**TASK GOAL:**
Transcribe the full listing exactly, and drop every picture.

SUPPLIED INFORMATION Start Marker

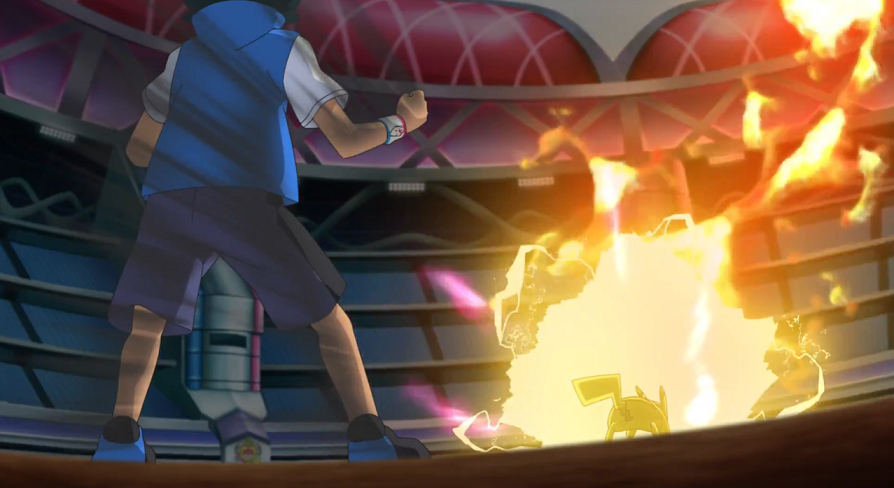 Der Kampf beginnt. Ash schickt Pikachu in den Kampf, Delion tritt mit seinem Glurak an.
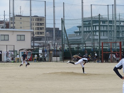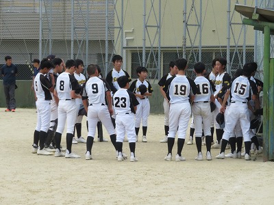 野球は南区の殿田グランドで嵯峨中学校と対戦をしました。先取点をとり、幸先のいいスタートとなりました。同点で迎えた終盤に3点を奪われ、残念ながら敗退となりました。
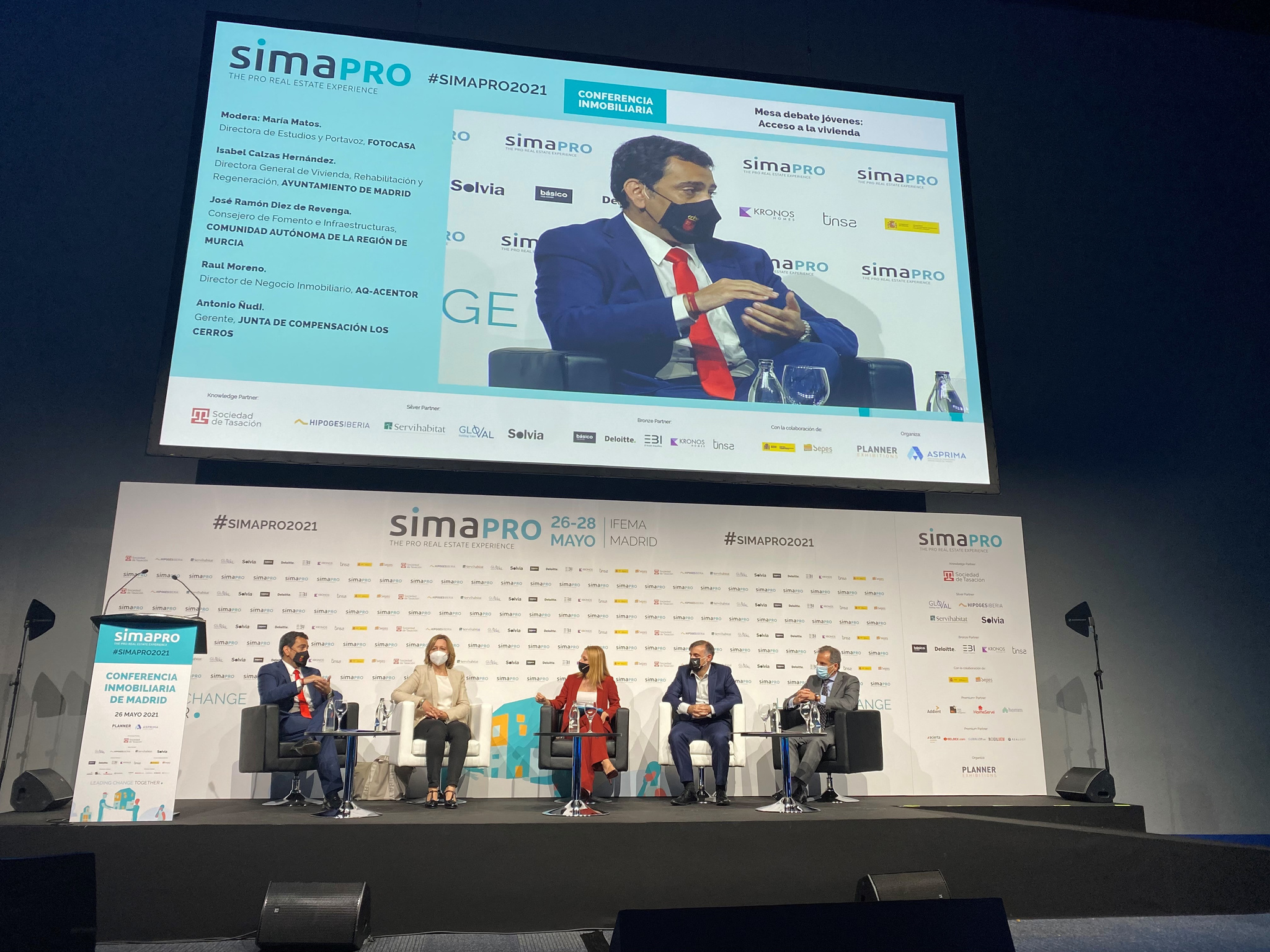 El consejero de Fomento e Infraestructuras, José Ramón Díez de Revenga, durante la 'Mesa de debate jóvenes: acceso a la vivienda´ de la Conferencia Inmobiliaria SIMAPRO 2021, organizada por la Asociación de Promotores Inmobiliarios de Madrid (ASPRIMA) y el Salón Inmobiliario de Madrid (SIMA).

SUPPLIED INFORMATION End Marker

**SOLUTION FOR THIS PROBLEM:**
 Der Kampf beginnt. Ash schickt Pikachu in den Kampf, Delion tritt mit seinem Glurak an.
 野球は南区の殿田グランドで嵯峨中学校と対戦をしました。先取点をとり、幸先のいいスタートとなりました。同点で迎えた終盤に3点を奪われ、残念ながら敗退となりました。
 El consejero de Fomento e Infraestructuras, José Ramón Díez de Revenga, durante la 'Mesa de debate jóvenes: acceso a la vivienda´ de la Conferencia Inmobiliaria SIMAPRO 2021, organizada por la Asociación de Promotores Inmobiliarios de Madrid (ASPRIMA) y el Salón Inmobiliario de Madrid (SIMA).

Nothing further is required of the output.